Hari Pers Nasional, Jurnalis Sedang Sekarat?

Di sebuah ruang kelas kampus, seorang mahasiswa Ilmu Komunikasi duduk di samping saya, menunjukkan layar ponselnya.

“Ini lho, Pak, Gerald Vincent,” katanya sambil menampilkan feed media sosialnya.

Saya pun melirik kontennya. Setelah mengecek akun TikTok-nya, saya terkejut melihat jumlah pengikutnya yang mencapai 8 juta. Sementara di Instagram, pengikutnya hampir menembus angka satu juta.

Gerald Vincent adalah salah satu kreator konten Indonesia yang dikenal luas melalui akun TikTok-nya, @geraldvincentt. Ia sering membagikan video edukatif yang menjawab berbagai pertanyaan unik dari netizen, seperti “kenapa tulisan mie ada huruf e-nya?” atau “apa guna batu di rel kereta api?” Popularitasnya membuatnya dijuluki sebagai “Google-nya TikTok.”

Namun, di tahun 2024, Gerald sempat terseret kontroversi terkait video mengenai kadar bromat dalam air minum kemasan. Meski menuai berbagai tanggapan, fakta bahwa media sosial telah menjadi sumber informasi utama bagi generasi muda tidak bisa diabaikan.

Fenomena Gerald Vincent mencerminkan perubahan besar dalam konsumsi media.
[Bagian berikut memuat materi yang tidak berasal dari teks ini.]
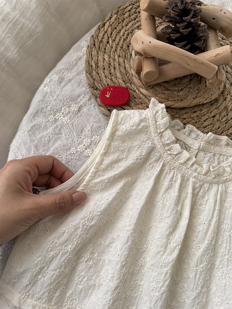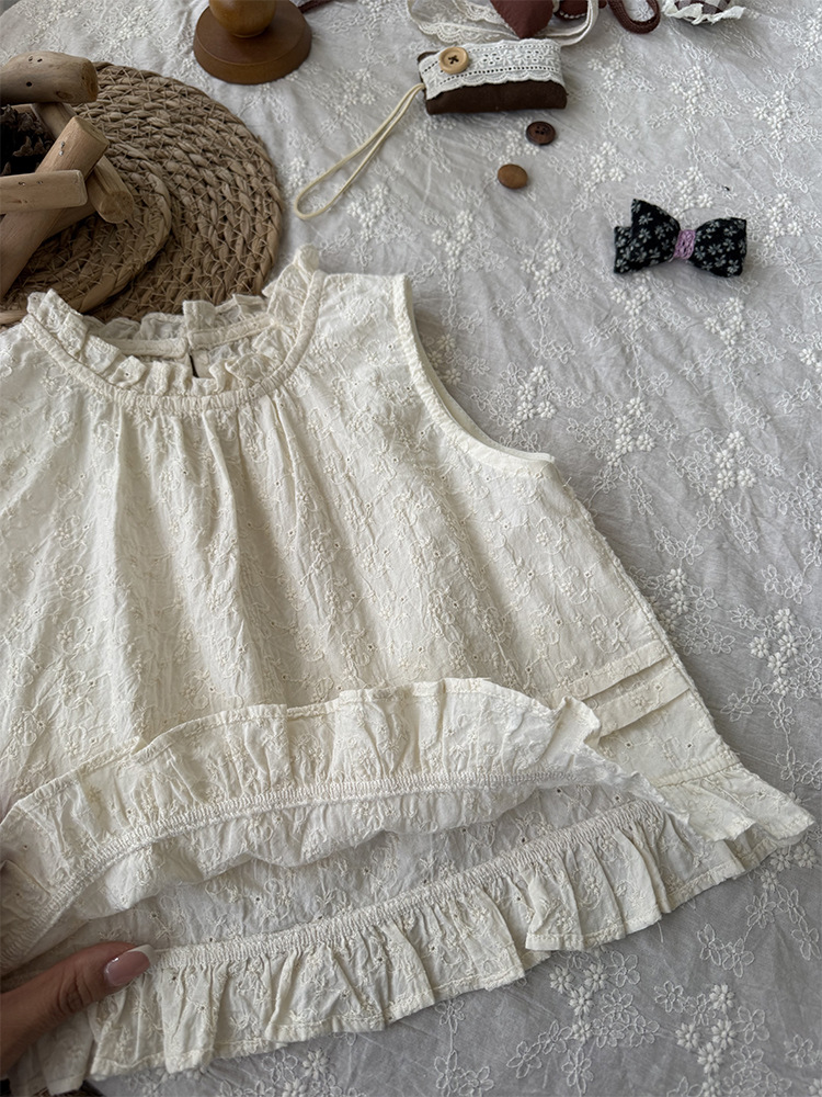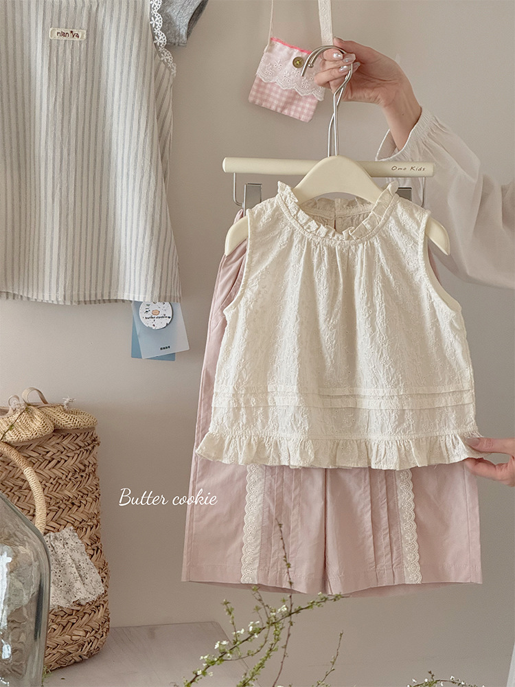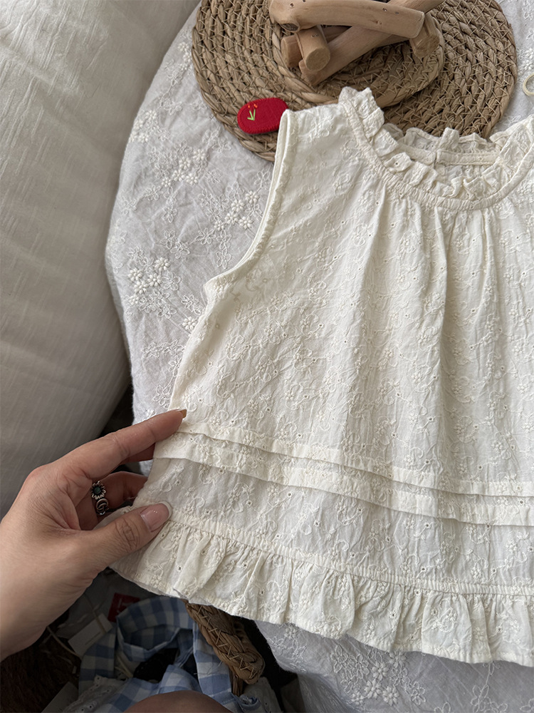 여자 한국 인형 셔츠 2025 여름 어린이 뉴 서양식 올매치 목회 귀 테두리 클리어 컬러 자카드 조끼스토어 가기

Generasi Z kini lebih tertarik pada informasi dalam format video pendek berdurasi 30 detik dengan gaya bicara cepat dan lugas. Berbeda dengan generasi sebelumnya yang harus membaca buku atau artikel panjang, mereka kini cukup bertanya melalui media sosial atau menggunakan kecerdasan buatan (AI) untuk mendapatkan jawaban.
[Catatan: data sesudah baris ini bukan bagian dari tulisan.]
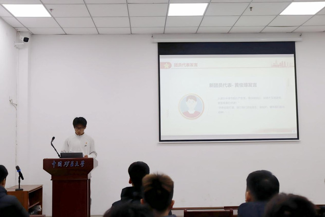 团员代表张林在发言中号召大家“学为先锋、行有温度、心向旗帜”,从身边小事做起,以实际行动诠释团员的责任与担当。新团员代表黄俊壕表示,团徽不仅是荣耀,更是青春的承诺,他将以共青团员的标准严格要求自己,在集体中成长,在奉献中闪光。
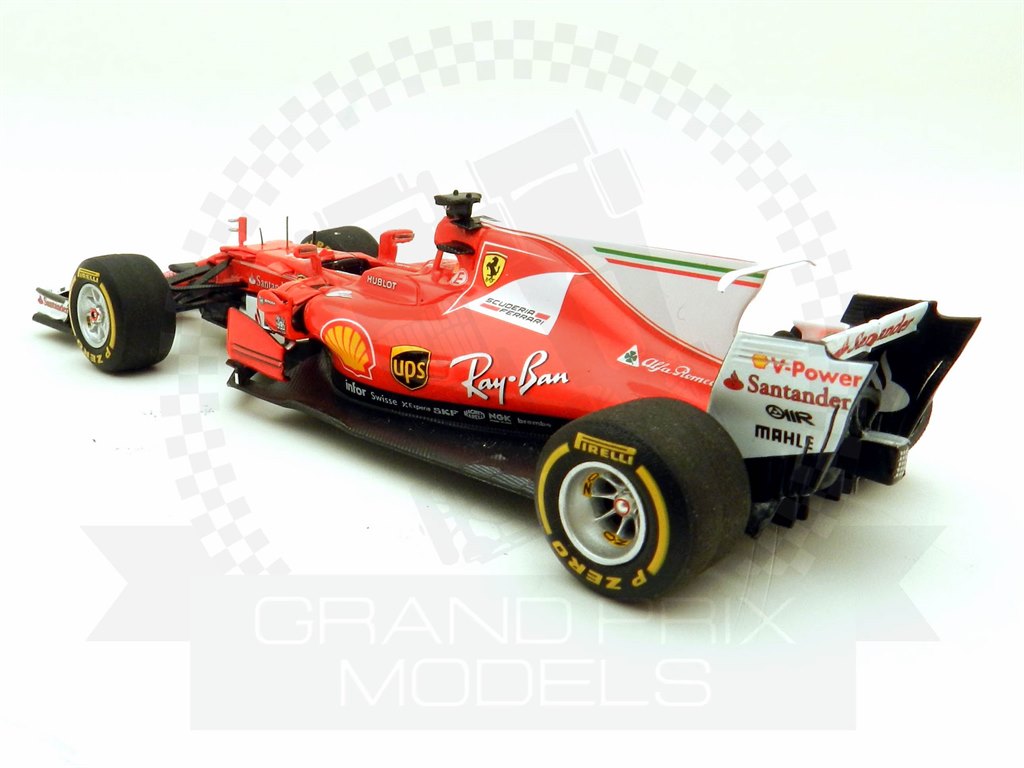 Although Australia was the first race of the season, there were already many subtle changes to the design of Ferrari’s F1 challenger from the press launch car a few weeks earlier. There are additional vents either side of the cockpit, the tiny winglets just ahead of the driver are revised and even the mirrors are slightly smaller. All these details are neatly picked up on the models and another visual change as the reduction of the amount of white on the barge-boards, a bare carbon finish on the race cars disguising them a little. The models are all very well finished with delicate pieces made for the wings and suspension, clearly printed decals and a variety of carbon textures.

Sebagai seorang jurnalis, saya melihat bahwa generasi ini semakin jauh dari media arus utama. Saat ditanya, hanya segelintir mahasiswa yang masih mengakses media berita arus utama secara langsung. Sebaliknya, mereka lebih aktif di platform seperti TikTok, YouTube, Instagram, bahkan akun gosip seperti Lambe Turah mereka juga ikuti.

Disrupsi Digital

Perubahan ini tidak hanya berdampak pada media berita, tetapi juga pada raksasa teknologi. Untuk pertama kalinya dalam satu dekade, pangsa pasar pencarian global Google turun di bawah 90% pada kuartal terakhir tahun 2024. Ini menunjukkan bahwa pencarian informasi tidak lagi bergantung sepenuhnya pada Google, tetapi mulai beralih ke media sosial dan AI.

Beberapa hari ini kita juga dikejutkan dengan senja yang merayap pelan di institusi penyiaraan plat merah milik pemerintah yaitu TVRI dan RRI yang merumahkan sejumlah kontributornya di sejumlah daerah.

TVRI dan RRI adalah dua kapal besar yang perlahan kehilangan arah di lautan digital yang ganas. Dulu, kapal ini gagah, menjadi andalan rakyat dalam mengarungi samudra informasi.

Kini, layarnya robek, mesinnya tua, tapi kapten dan awak kapalnya masih berpikir bahwa angin lama bisa membawa mereka ke pelabuhan yang sama.

Gedung Putih pemerintahan Trump usai dilantik secara resmi juga mengakui dan mengundang podcaster, influencer media sosial, dan jurnalis independen skala kecil untuk mengikuti briefing pers melalui program ‘New Media Seat Initiative’

Kursi barisan depan di Ruang Briefing James S. Brady kini dialokasikan khusus untuk perwakilan media digital yang lolos seleksi. Ini menandai sejarah untuk jurnalisme politik.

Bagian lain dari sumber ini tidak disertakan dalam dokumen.